‘The Spanish Gardener’: Artist Depicts Picasso As A 10-Foot-Tall Garden Gnome
COLUMBIA STREET WATERFRONT DISTRICT – A giant garden gnome depicting painter Pablo Picasso wearing flip-flops and mowing a lawn is catching the eyes of passersby on Columbia Street.
The Spanish Gardener, the ten-foot-tall sculpture created by Brooklyn-based artist Elliott Arkin, was unveiled on Friday, June 1 by the Brooklyn Greenway Initiative (BGI). The public artwork, which will temporarily sit behind a chain-link fence close to the waterfront on the corner of Columbia and Degraw Streets, illustrates the BGI’s “role as both ‘artist’ and ‘caretaker’ of the Brooklyn Waterfront Greenway.”
A part of Arkin’s satirical sculpture series entitled A Peaceable Kingdom depicting famous artists as garden gnomes performing everyday activities (i.e., Andy Warhol filling a wading pool with a hose, Georgia O’Keeffe picking calla lilies) the massive Picasso caricature is Arkin’s largest work to date.
“I used to say that if Picasso was around today he would have to mow lawns for a living. The art world has changed that much,” the artist told artnet. After stints working as a window designer for Tiffany & Co. as well as in film production creating animation for television and commercials, Arkin worked as cartoonist-in-residence for art net Magazine in the 1990s.
Arkin’s Picasso is a “visual poem” that’s accessible to all, according to BGI’s press release announcing the artwork’s debut. “I like to camouflage my work with these kind of utilitarian objects—a garden gnome, in this instance. It’s presented as something that’s not capital ‘A’ art,” Arkin explained to artnet.
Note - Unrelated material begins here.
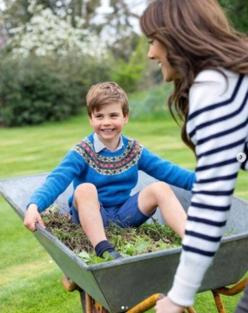 El Príncipe Louis cumple cinco años el domingo 23 de abril y sus padres publicaron una dulce fotografía del joven Louis siendo empujado en una carretilla por Kate, mientras vestía un suéter de lana azul y sus clásicos pantalones cortos.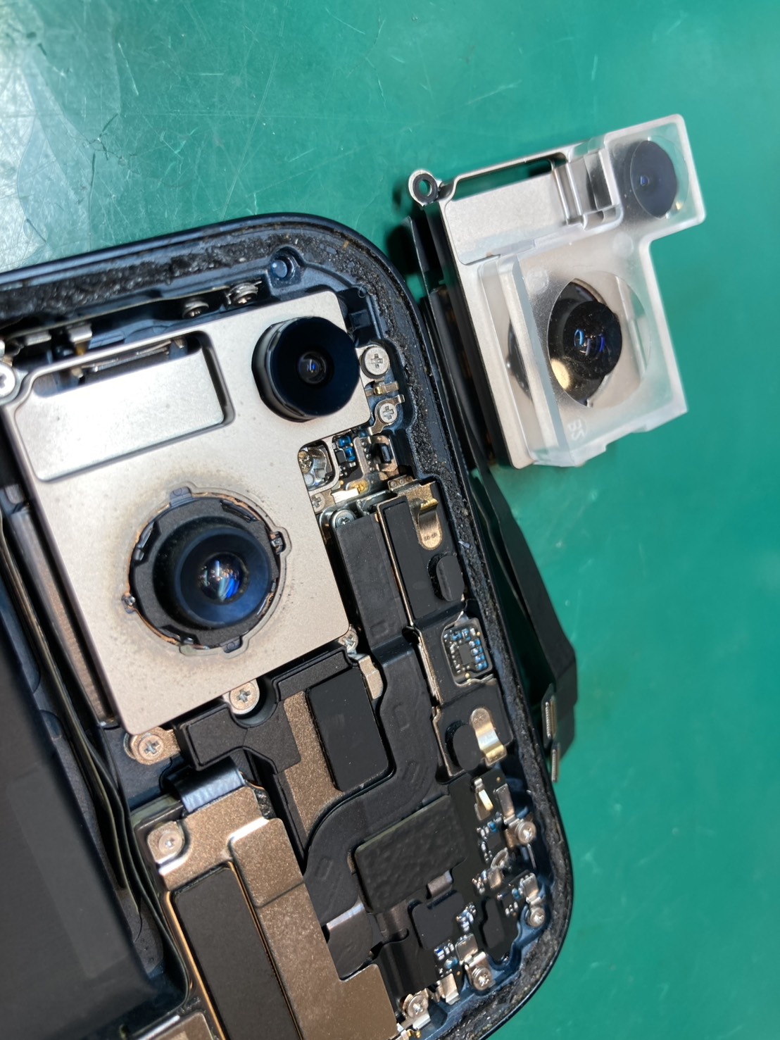 こうなってしまうとガラスの張り直しだけでなくカメラ部品自体の交換が必要になります。

The Spanish Gardener can be viewed as a representation of the common man or the lawn mowing gnome can serve as an analogy of the artist as a gardener, planting ideas and transforming our surroundings. The piece also “playfully juxtaposes the artist/patron/viewer relationship” and satirizes “the art world with political, environmental, and social commentary,” according to the release.
Founded in 2004, the Brooklyn Greenway Initiative is a non-profit organization committed to the development and stewardship of the 14-mile Brooklyn Waterfront Greenway. When completed, the off-street, landscaped, pedestrian/cycling/running path will connect 200 acres of regional parks and several neighborhood open spaces from Greenpoint to Bay Ridge.